弥次喜多雑感 | アジアのお坊さん 番外編

アジアのお坊さん 番外編

旅とアジアと仏教の三題噺

これは人に聞いた話。

旅番組で弥次さん喜多さんが泊まった宿というのが紹介されていたそうな。

その中で、宿の主人が、「ここは弥次さん喜多さんが泊まった宿です」と説明したのはいいとしよう。「(架空の物語である)一九の膝栗毛の中で、弥次さん喜多さんが泊まったとして描かれている宿です」という説明を、省略した言葉であるとも取れるからだ。

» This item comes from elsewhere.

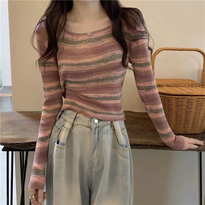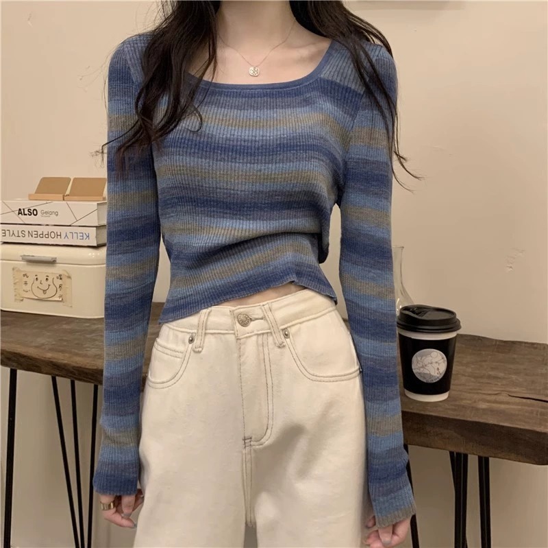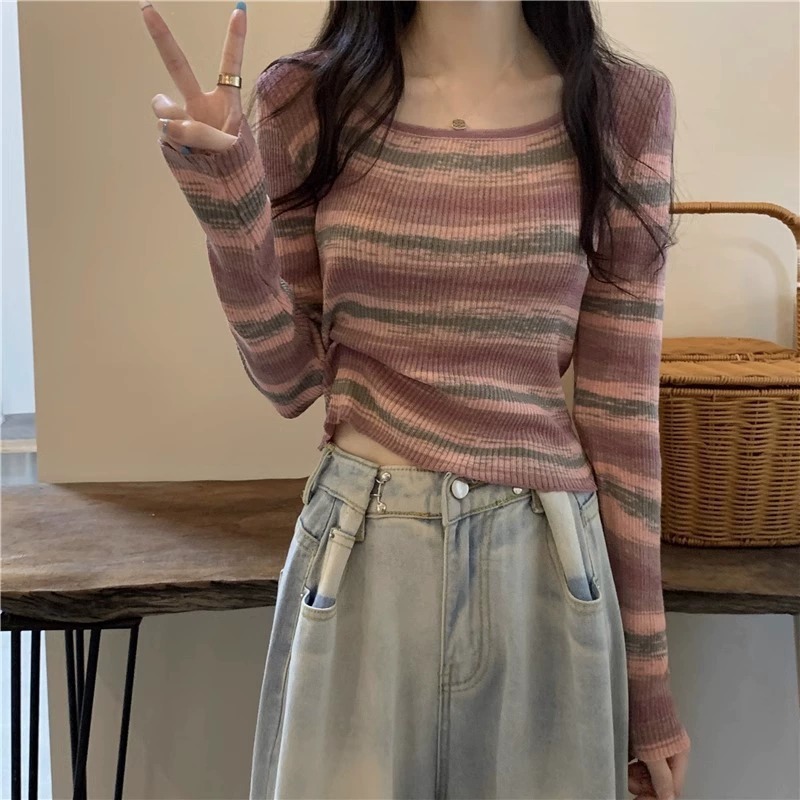 2024 가을과 겨울 새 광장 칼라 스트라이프 긴팔 니트베이스 셔츠 여성용 슬림핏 슬리밍 스파이스 걸 쇼트탑

でも、その番組の中では、宿泊客の方が、「この部屋で弥次さん喜多さんが寝たんだと思うと感激です」みたいに仰っていたので、このお客さんは弥次喜多が架空の人物だと分かっておられるのだろうかと、テレビを見ていて不安になったというお話。

こういう例は他にもある。源氏物語ゆかりの地で、光源氏が何々をした場所、みたいな説明書きが立っている。源氏をフィクションだと分かって、ここがゆかりの地なのだなあと感慨に耽っているのなら良いのだが、うっかりすると立て札の説明が、さも実在の人物、実在の出来事について記しているかのような書き方になっていることも多く、意識の低い人に誤解を与えないかと懸念する。

さて、京都三条大橋のたもとには、小さな弥次喜多像が建っている。これを実在の人物だと思う人は少ないと思うが、如何なものだろう。

ところが、実在の人物でもなければ、神仏ではないから偶像ですらないこの像に対し、ここを通りかかった時、実を言うと、いつも私はそっと手を合わす。

東海道の起点であるこの橋のたもとに、旅人の代表としての弥次さんと喜多さんがいることが嬉しくてなのか、もっと大きく曖昧に、この像に象徴される先人の文化全般に対して敬意を表す気持ちなのか、とにかくこの小さな二人連れの像が、私は好きだ。